§ **Data provided**:
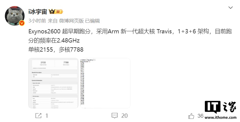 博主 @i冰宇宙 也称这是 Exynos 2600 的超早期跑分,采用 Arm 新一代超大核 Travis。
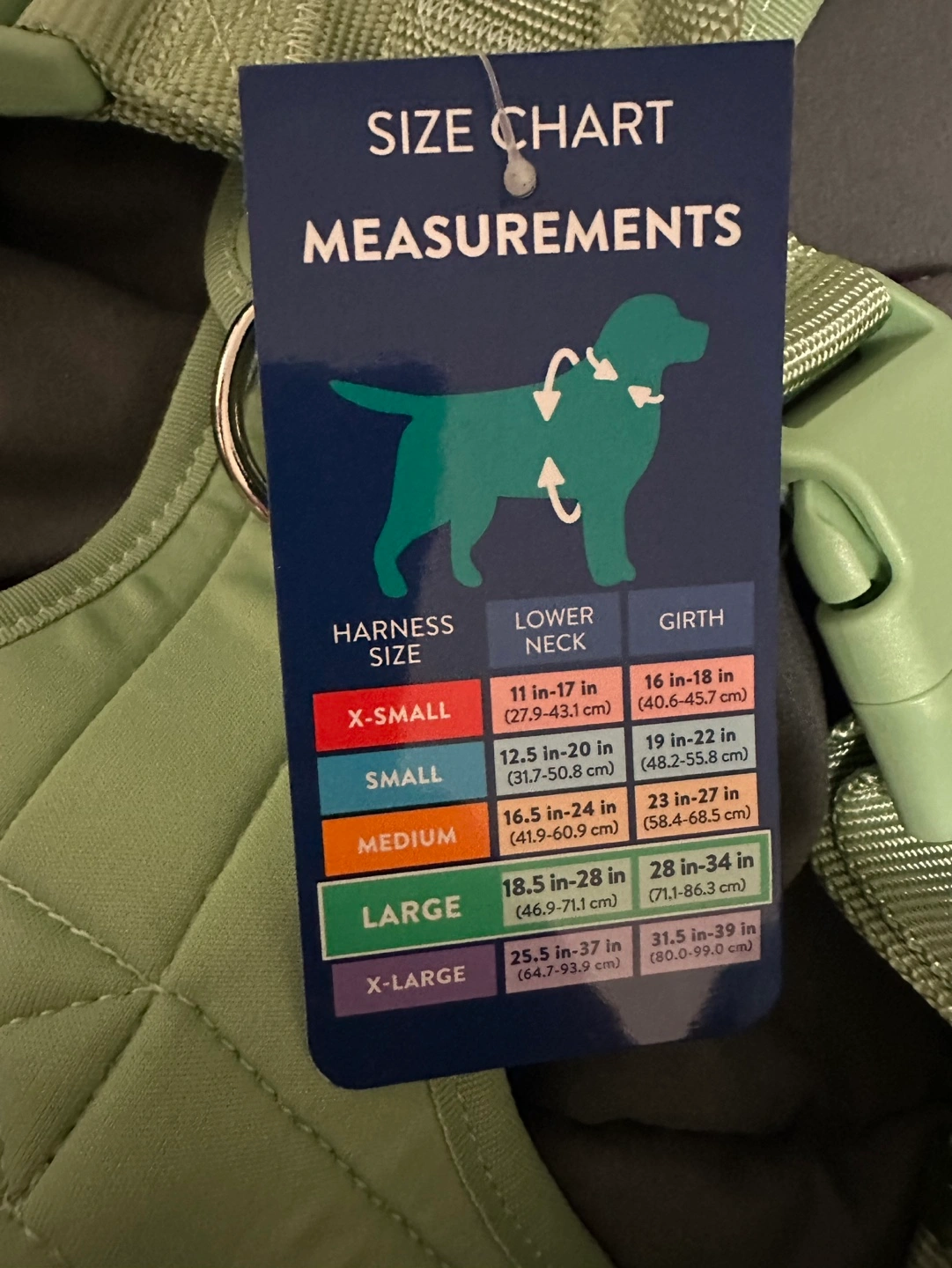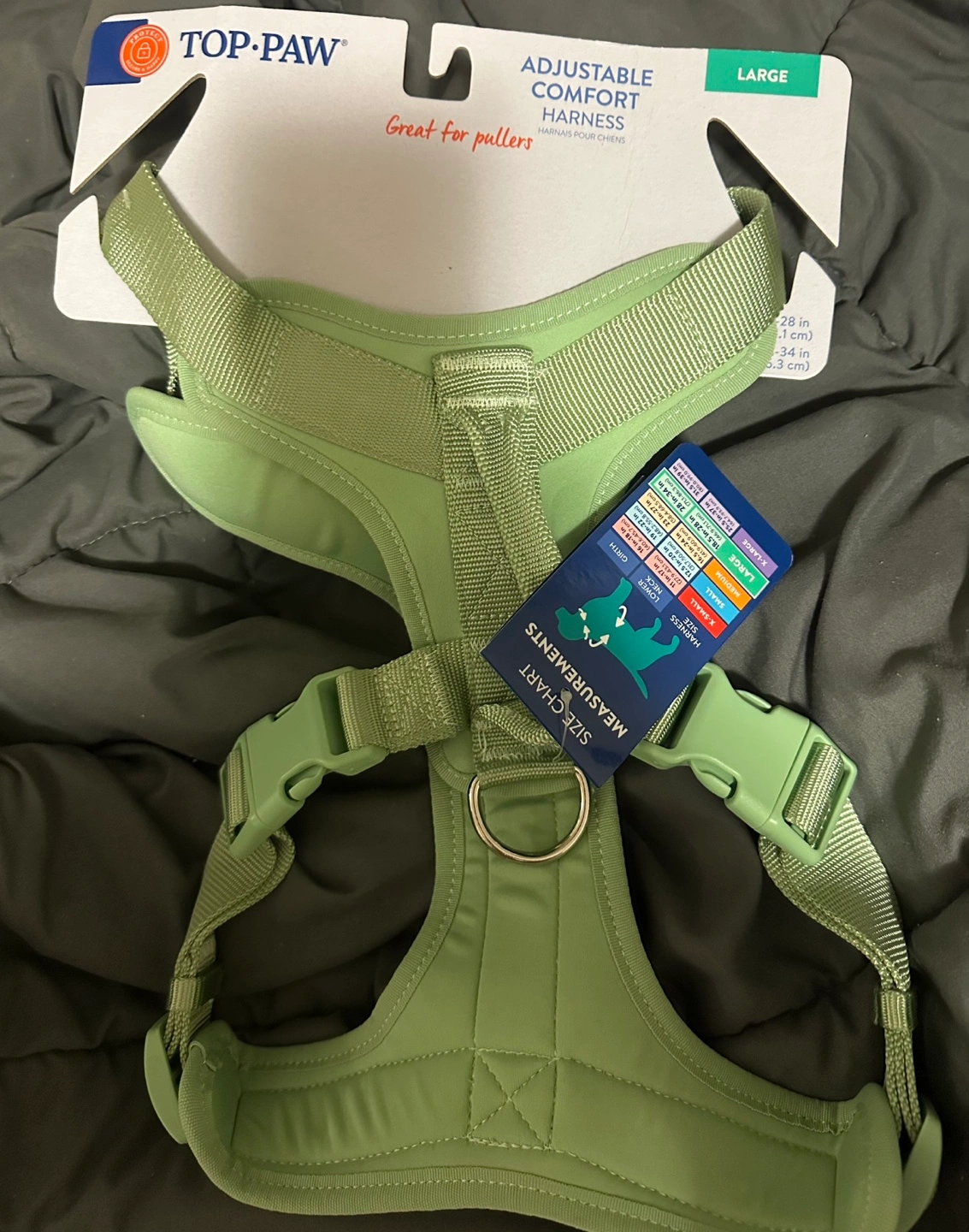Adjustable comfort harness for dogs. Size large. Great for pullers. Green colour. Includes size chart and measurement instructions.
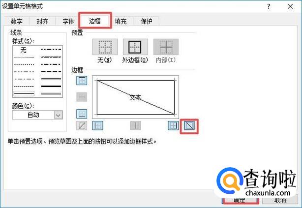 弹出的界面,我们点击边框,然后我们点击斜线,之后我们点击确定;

§ **Your goal**:
The required output is the span of lines from the line with "Adjustable comfort harness" through the final line of the listing above, reproduced exactly, minus the pictures.

§ **Task result**:
Adjustable comfort harness for dogs. Size large. Great for pullers. Green colour. Includes size chart and measurement instructions.
 弹出的界面,我们点击边框,然后我们点击斜线,之后我们点击确定;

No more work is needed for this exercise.